Statistical significance and P values have been much discussed over the past decade. In 2016, the American Statistical Association published a statement on P values, aiming to dispel some of the misconceptions that surround their use and interpretation1. Despite heightened attention to the misuse of P values, we frequently encounter research that demonstrates the types of misunderstandings that the American Statistical Association statement tried to allay.

Credit: We are/DigitalVision/Getty

In most empirical studies using null-hypothesis significance testing (NHST) that we receive, authors report only the statistical test, degrees of freedom, test value and P value. In some cases, we see only P values and nothing else. This extremely limited information can be misleading2 and in studies with very large sample sizes it is meaningless (as overpowered studies or studies with very large samples can identify statistically significant but trivial effects). We therefore require that authors also report effect sizes and confidence intervals. Reporting of NHST statistics should typically take the following form: statistic (degrees of freedom) = value; P = value; effect size statistic = value; and per cent confidence intervals = values.

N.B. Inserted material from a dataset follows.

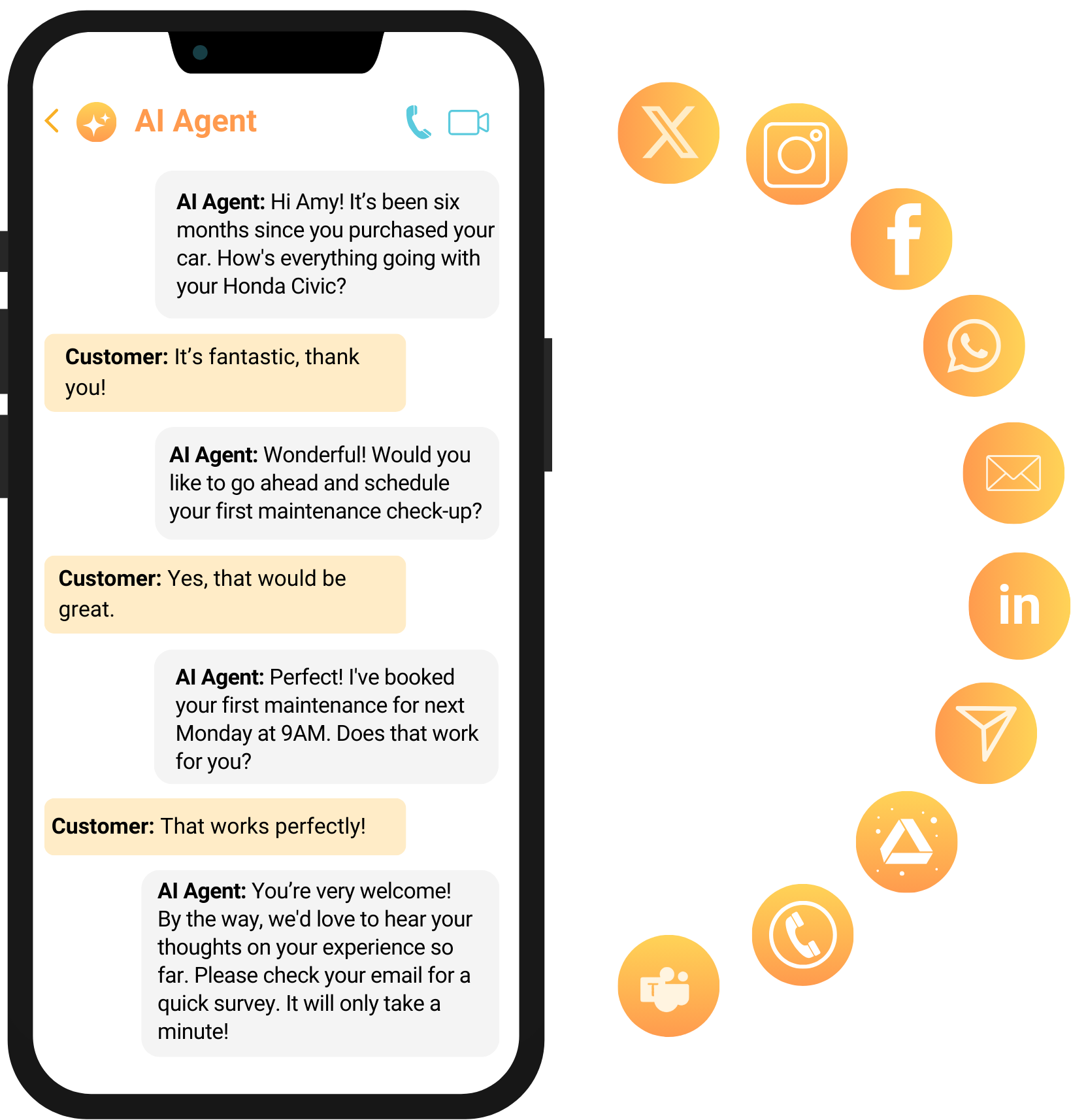 - Unified Platform: Deliver exceptional experiences across email, voice, and messaging with a single AI agent.

The P value threshold of 0.05 for declaring significance is an arbitrary one that is established by convention. However, if authors choose to use NHST, we ask that they abide by the convention (except if they preregistered a different alpha level for their study, providing a robust justification for their choice3). Statements such as ‘marginally significant’ and ‘just missed statistical significance’ for P values above the threshold of 0.05 that are followed by theoretical interpretations as if the null hypothesis had been rejected are misleading. P values that exceed the conventional or prespecified threshold are simply not statistically significant and we ask that authors report them as such.

One of the most common issues that we encounter in submitted manuscripts is inferences about differences between studies or conditions, where the authors compare statistical significance levels without using formal statistical tests of the difference itself. In a 2006 article, Gelman and Stern provided a compelling explanation as to why “the difference between significant and not significant is not itself statistically significant”4. Using significance levels to compare effect estimates is not appropriate and we ask authors to provide statistical evidence of any argued difference.

If authors carry out multiple comparisons, we expect that they will use a form of adjustment or correction (for example, Bonferroni, Benjamini–Hochberg, family-wise error rate or false-discovery rate) that is appropriate for their data and the number of comparisons they are performing. This correction is an essential part of the analysis (not merely a robustness check) and all interpretations of results should be based on the corrected P values.

We select studies for peer review and publication based on the importance of the research question, the breadth of its potential relevance to a multidisciplinary audience and the substantiveness of the evidence, not on the basis of their results. This means that we publish studies where the main results are null. For studies reporting statistically null results, we ask authors not to interpret the absence of evidence as evidence of absence. There is no statistical test that can demonstrate the absence of an effect. Statements such as ‘there is no association between X and Y’ or ‘X has no effect on Y’ are inaccurate, and are best revised to read ‘[no or little] credible evidence of an association between X and Y’ or ‘[no or little] credible evidence that X affects Y.’

Regardless of whether the main or ancillary results are null, if these results are interpreted in the article we ask that authors use an appropriate statistical method for interpreting them (for example, Bayes factors5 or equivalence tests6).

Power is fundamental for all studies, regardless of the direction of the results. Null results in underpowered studies are uninterpretable. If researchers did not use a formal method to prespecify their sample size and the main results of their study are null, we ask that they perform a power sensitivity analysis7. This should demonstrate the power of their statistical test across a range of possible effect sizes that includes the smallest theoretically or practically meaningful effect size.

There are numerous calls to retire statistical significance or entirely move away from NHST. Until that happens, however, it is important to make sure that published research using NHST makes statistically valid inferences that are appropriately interpreted.